Set down exactly the lines from the first line of the records through the line that contains "2021年廣東省土地供應面積", and leave every picture out.
§ §
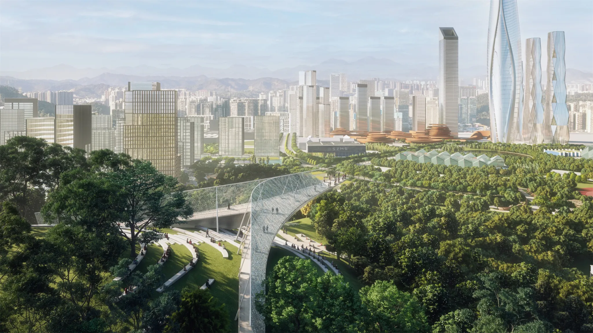 The cantilevered urban grandstand provides an ultimate viewing experience, showcasing Longgang’s open, inclusive, and friendly city image in a panoramic manner.
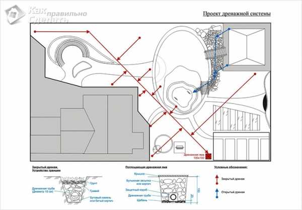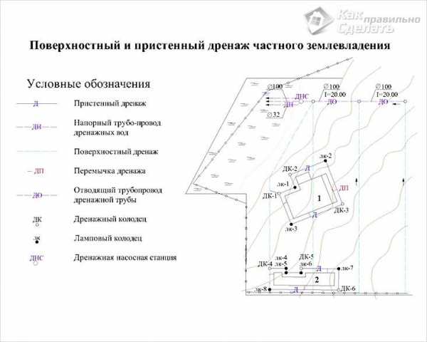 Схема дренажа и водоотвода
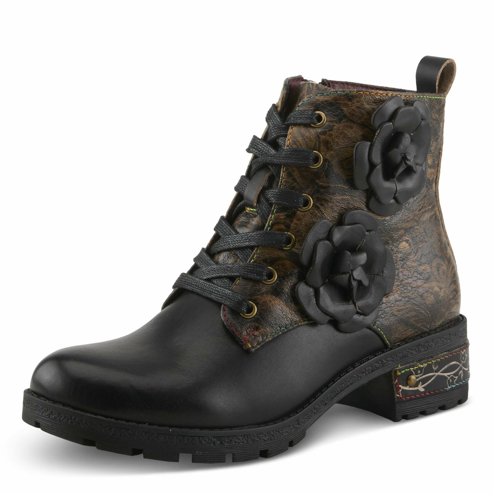 Spring Step L'Artiste Martinela Heeled Booties | Floral Appliqué Leather Ankle Boots with Artistic Touch
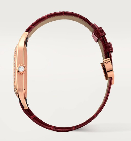 Часы Cartier Santos-Dumont Large представлены в корпусе из розового золота 18к размером 43.5 x 31.4 х 7.3 мм и водонепроницаемостью до 30 метров. Внутри корпуса установлен кварцевый механизм. На серебристом циферблате отображаются часы, минуты. Часы комплектуются ремешком из кожи аллигатора с золотой застежкой. Безель из белых бриллиантов.
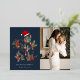 Chic Navy Red Green Photo Peace Christmas Foliage Foil Holiday Card
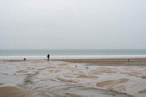 There's a very special atmosphere on Plérin's plage des rosaires, where seagulls and gulls flutter about, while a few walkers with their dogs brave the rain and pretend nothing's happening.
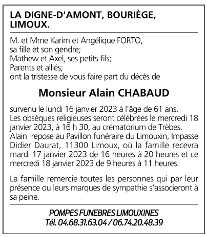 Décédé à Carcassonne (11000) le lundi 16 janvier 2023 à l'âge de 61 ans
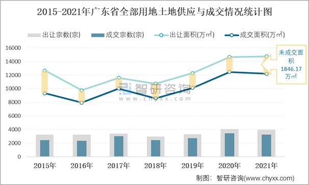 2021年廣東省土地供應面積及成交面積分析:出讓面積14760.14萬㎡,土地成交12205.21萬㎡
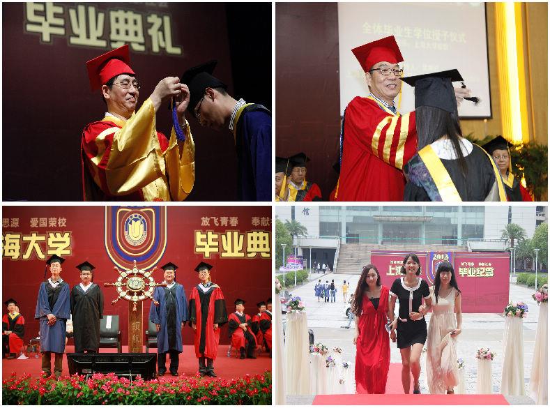2013年7月4日至7日,sunbet申搏官方网站2013届毕业生毕业典礼在宝山、嘉定两个校区,按学院分24场举行。sunbet申搏官方网站党委书记于信汇、校长罗宏杰与其他校领导莅临学院典礼现场,亲自为每一位毕业生授予学位证书,拨学位帽流苏。sunbet申搏官方网站这个传统已经实行了4个年头。24场毕业典礼,既有相对统一的核心环节,又有各院系、专业的特色设计,异彩纷呈,如24株火红的凤凰花绽放在在sunbet申搏官方网站校园。毕业思源、爱国荣校、放飞青春、奉献社会的主题刀旗今年采用了湛蓝色,寄托了学校对sunbet申搏学子拥有海纳百川精神的期望。
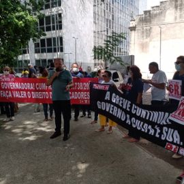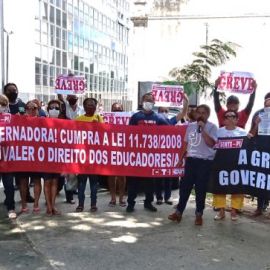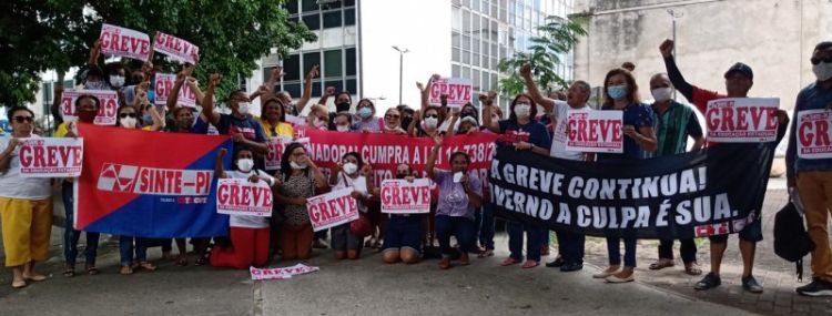 A Praça Rio Branco, no Centro de Teresina, foi o cenário da panfletagem realizada na manhã da quarta-feira (13)promovida pelo SINTE PI, pelos trabalhadores e trabalhadoras da rede estadual de educação. Há 50 dias em greve, a categoria continua na luta, mobilizada em todo o Piauí, na defesa da valorização profissional, do. Piso do Magistério e, neste sentido, do pagamento dos reajustes salariais dos anos de 2019 (4,17%), 2020 (12,84%) e 2022 (33,24%), devidos pelo governo estadual as/aos profissionais em educação.
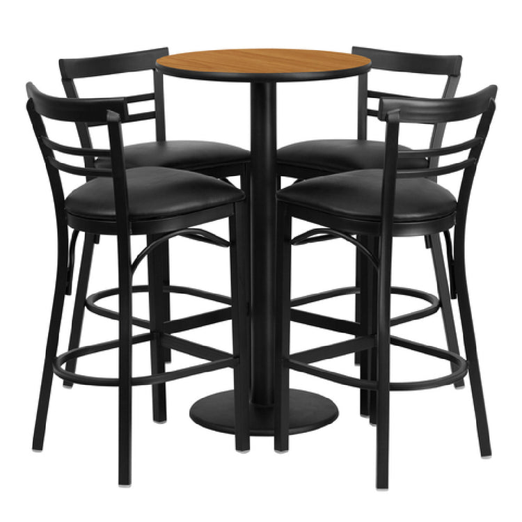 The Flash Furniture RSRB1035-GG Table And Bar Stool Set includes a 24-inch diameter by 42-inch high table, expertly crafted with a round, black T-mold edge. Its construction features a high-impact melamine core and a natural laminate finish, supported by a robust cast iron round base with a sleek black powder-coated finish, providing stability and durability. Accompanying the table are four bar stools, each measuring 17 inches wide by 19 inches deep by 41-3/4 inches high. These stools boast a stylish metal ladder back design and a black vinyl upholstered padded seat, which is enhanced by a 2-1/2-inch thick CA117 fire-retardant foam for added safety and comfort. The stools' welded joint assembly, along with two curved support bars and a footrest, ensures structural integrity and user comfort. Constructed with an 18-gauge steel frame, also finished with black powder coating, these stools are equipped with plastic floor glides to protect flooring surfaces. Designed for both commercial and residential use, this set requires assembly and is conveniently shipped in five boxes with a lead time of 1-2 business days. This versatile table and bar stool set seamlessly combines functionality and style, making it a valuable addition to any space.
§ §
_OUTPUT BELOW_.
 The cantilevered urban grandstand provides an ultimate viewing experience, showcasing Longgang’s open, inclusive, and friendly city image in a panoramic manner.
 Схема дренажа и водоотвода
 Spring Step L'Artiste Martinela Heeled Booties | Floral Appliqué Leather Ankle Boots with Artistic Touch
 Часы Cartier Santos-Dumont Large представлены в корпусе из розового золота 18к размером 43.5 x 31.4 х 7.3 мм и водонепроницаемостью до 30 метров. Внутри корпуса установлен кварцевый механизм. На серебристом циферблате отображаются часы, минуты. Часы комплектуются ремешком из кожи аллигатора с золотой застежкой. Безель из белых бриллиантов.
 Chic Navy Red Green Photo Peace Christmas Foliage Foil Holiday Card
 There's a very special atmosphere on Plérin's plage des rosaires, where seagulls and gulls flutter about, while a few walkers with their dogs brave the rain and pretend nothing's happening.
 Décédé à Carcassonne (11000) le lundi 16 janvier 2023 à l'âge de 61 ans
 2021年廣東省土地供應面積及成交面積分析:出讓面積14760.14萬㎡,土地成交12205.21萬㎡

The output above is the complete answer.